**EXERCISE MATERIALS**
┏━━
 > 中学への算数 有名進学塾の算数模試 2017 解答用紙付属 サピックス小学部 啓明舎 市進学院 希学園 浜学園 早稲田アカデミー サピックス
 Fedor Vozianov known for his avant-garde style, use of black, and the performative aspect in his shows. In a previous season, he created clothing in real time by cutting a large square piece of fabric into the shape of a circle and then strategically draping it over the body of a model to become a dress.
┗━━
┏━━
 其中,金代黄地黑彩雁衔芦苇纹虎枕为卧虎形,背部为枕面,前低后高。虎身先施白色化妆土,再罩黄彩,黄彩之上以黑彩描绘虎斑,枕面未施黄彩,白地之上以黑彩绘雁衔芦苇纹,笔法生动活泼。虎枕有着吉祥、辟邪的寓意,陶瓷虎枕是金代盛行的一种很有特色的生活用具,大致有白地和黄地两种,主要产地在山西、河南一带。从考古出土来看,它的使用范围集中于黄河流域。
┗━━
**EXERCISE REQUIREMENTS**
From the records above, reproduce exactly the lines from the one with "浜学園 早稲田アカデミー サピックス" to the one with "Fedor Vozianov known", both included, and no others.

**PROBLEM SOLUTION**
 > 中学への算数 有名進学塾の算数模試 2017 解答用紙付属 サピックス小学部 啓明舎 市進学院 希学園 浜学園 早稲田アカデミー サピックス
 Fedor Vozianov known for his avant-garde style, use of black, and the performative aspect in his shows. In a previous season, he created clothing in real time by cutting a large square piece of fabric into the shape of a circle and then strategically draping it over the body of a model to become a dress.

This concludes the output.